Would you trade a Senate supermajority for a carbon cap?
Exiting Senators Christopher Dodd of Connecticut and Byron Dorgan of North Dakota are now free to vote in 2010 without concern for reelection.
That could be good news for a carbon cap and trade vote this year. After 2010, prospects look more grim, thanks in large part to North Dakota’s sooty politics.
Dorgan has been seen as a cap and trade opponent, albeit a soft one. In July he published an editorial in the Bismarck Tribune supporting controls on carbon dioxide, but not through cap and trade.

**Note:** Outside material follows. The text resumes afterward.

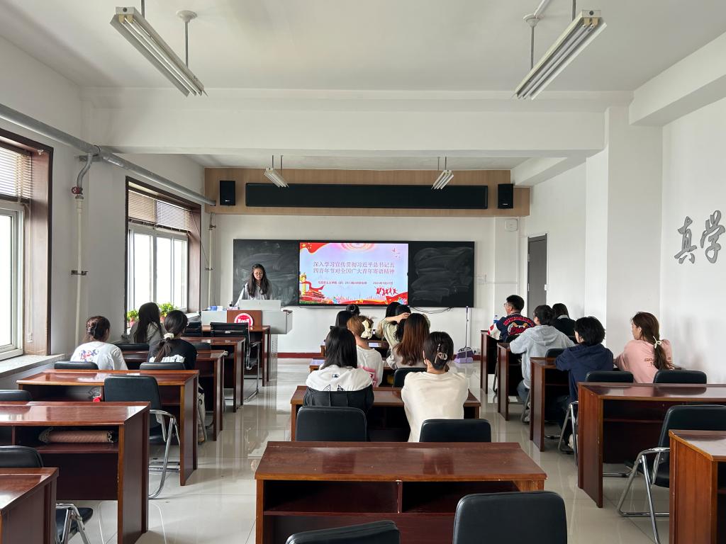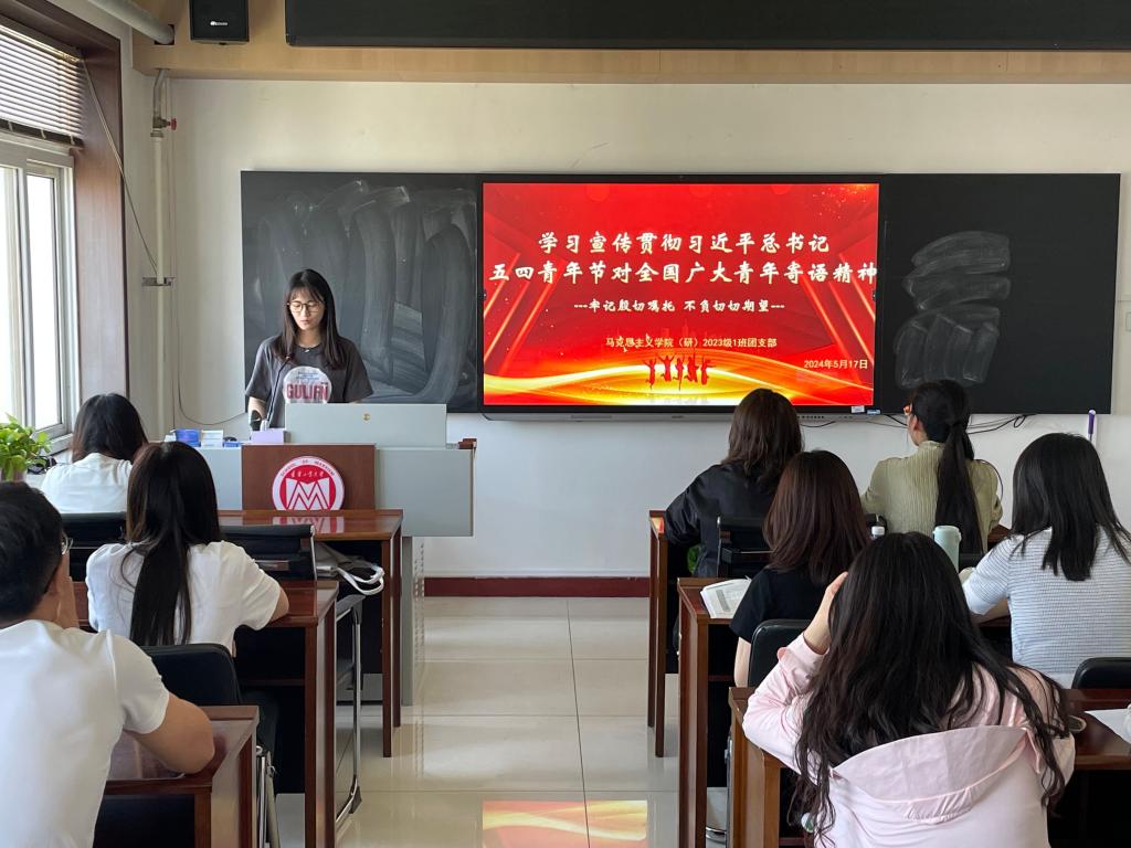 5月24日10:40,2022级2班团支部在第三教学楼816教室举行学习宣传贯彻习近平总书记五四青年节对全国广大青年寄语精神主题团日活动。首先,团支部书记郭思雨带领大家共同学习了习近平总书记五四青年节对广大青年的寄语内容,深入了解了五四青年节的由来和历史意义。其次,通过观看五四青年节短视频和交流讨论,引领团员和青年继承和发扬五四精神,以实际行动在推进强国建设、民族复兴伟业中展现青春作为、彰显青春风采、贡献青春力量。最后,全体成员在支部书记的带领下,重温入团誓词,表达了“奋力书写为中国式现代化挺膺担当的青春篇章”的坚定决心。

Dorgan’s greatest reservation, about potential carbon market malfeasance, has been addressed in the House cap and trade bill and would likely be addressed in any Senate version.
The concern that likely underlies his reservations, continued support from North Dakota’s powerful coal mining and energy industries, has been alleviated, at least in theory, by his pending retirement.

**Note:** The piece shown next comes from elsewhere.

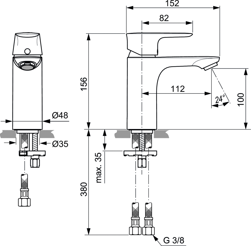 Bateria umywalkowa jednootworowa bez metalowego korka automatycznego. Mosiężny, odlewany korpus 48 mm. Metalowy uchwyt z nadrukowanymi czerwonymi i niebieskimi oznaczeniami, mocowanie uchwytu przedniego, chromowany przycisk. Aerator typu Perlator M24x1 - 5l/min, głowica FirmaFlow 38 mm z ogranicznikiem temperatury. Brak funkcji Click. Wężyki przyłączeniowe PEX G3/8".

Most pundits think Dorgan’s seat will go to a Republican. And even if it goes to a Democrat it will probably go to one that resembles a Republican.
The behavior of Democrat Earl Pomeroy, North Dakota’s sole member of the House of Representatives, should give you an idea of the influence of coal in North Dakota and how that scantily populated state’s particular politics will have a disproportionate say in any effort to break the planet’s fever.
Pomeroy introduced a bill Friday that would prevent the Environmental Protection Agency from regulating greenhouse gas emissions.
The EPA’s power to regulate emissions has been the Obama Administration’s hammer to pressure Congress to enact a carbon cap and trade law. Without the EPA threat, Congress can dither indefinitely while the world warms. With the EPA threat, Congress has an incentive to write its own law and fatten it with giveaways to industry and special interests.
Pomeroy was seen as a favorite for the seat being vacated by Dorgan, whose departure further imperils the Democrats’ 60-vote majority, just the number they need to stop Republican filibusters, but last week Pomeroy took himself out of the running and made it clear he’s happy representing coal in the House.
“Regulation of greenhouse gas emissions under the current provisions of the Clean Air Act is irresponsible and just plain wrong,” he said as he introduced the bill yesterday. “That is why I introduced the Save Our Energy Jobs Act which would stop the EPA from moving forward with its proposal. I am not about to let some Washington bureaucrat dictate new public policy that will raise our electricity rates and put at risk the thousands of coal-related jobs in our state.”
In his career Pomeroy has received $363,489 in campaign contributions from the energy and natural resources sector, according to OpenSecrets.org (Dorgan: $829,625). Pomeroy voted against the cap and trade bill that passed the House last year. He explained that vote in December:
“The bill set unrealistic emission reduction targets that would likely cause a major switch from coal to other, more expensive fuel sources,” he said. “This would lead not only to higher energy costs for North Dakotans, but also increased unemployment from the potential closing of coal mines and coal-fired power plants.”
The emission reduction targets that Pomeroy calls unrealistic–a 17 percent reduction over 2005 levels by 2020–represents the modest promise the Obama Administration has offered the world in international climate-change negotiations. The European Union offered a 30 percent cut.
Dorgan has also characterized that 17 percent cut as too much, too fast, but now that he’s looking at a future filled with golf and daytime television, Dorgan can shift on that position without repercussion. North Dakota’s next senator, even a Democrat, is likely to be more of Pomeroy’s ilk.
And with Democrats like Pomeroy, who needs Republicans?
If there’s a year for cap and trade in America, it’s 2010. And if Democrats consider the North Dakota seat lost, they have a clear choice this year: strike while the iron’s hot, or give up on the environment. If they consider the supermajority lost, why not use it one last time?